The story had her picture and went into almost loving detail about her business experience and how she had become such an expert baker. But the story had one fairly important omission about the baker.

“Notice anything missing?” I asked a colleague.

“No, what?”

“What’s her name?”

It’s easy to lose sight of what’s important. Sometimes, we get dazzled with our own brilliance. Sometimes, we are so busy focusing on some details, we forget what people think is important. I think something similar happened with SAP’s announcement yesterday of its new BusinessByDesign product.

Unfortunately, having been unable to attend the product roll out, I was forced to rely on the press release and after reading more than 1,500 words (not counting boilerplate) my question was “what does it do? I forgot my marketing-to-English dictionary.”

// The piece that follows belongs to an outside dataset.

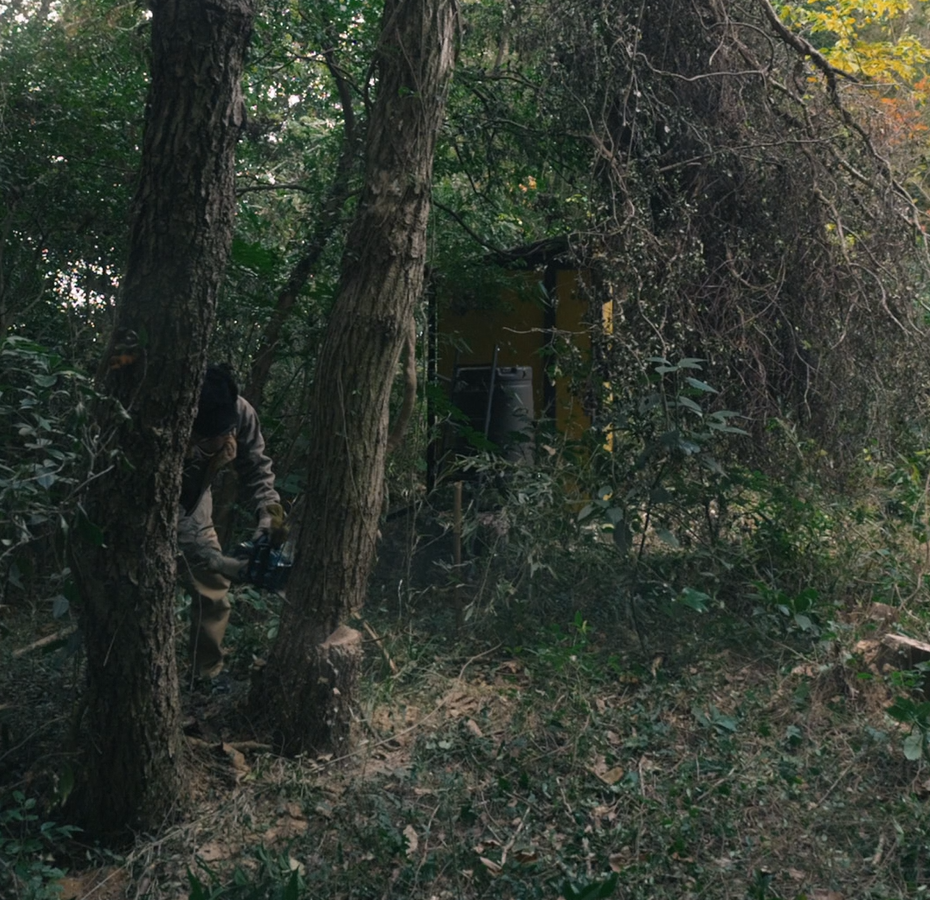 大きな木の幹だけでなく、その枝や、枝に絡みつくツルも、なかなか移動させることが難しい。

After one spokesman explained very well and very succinctly that the Internet-based application brings together features such as supply chain, CRM, financials, and manufacturing, I noted, “Yeah, but none of those words are in your press release.”

The company was so busy explaining how this revolutionary product will serve mid-market companies with a true outsourced application it forgot to explain what the product does.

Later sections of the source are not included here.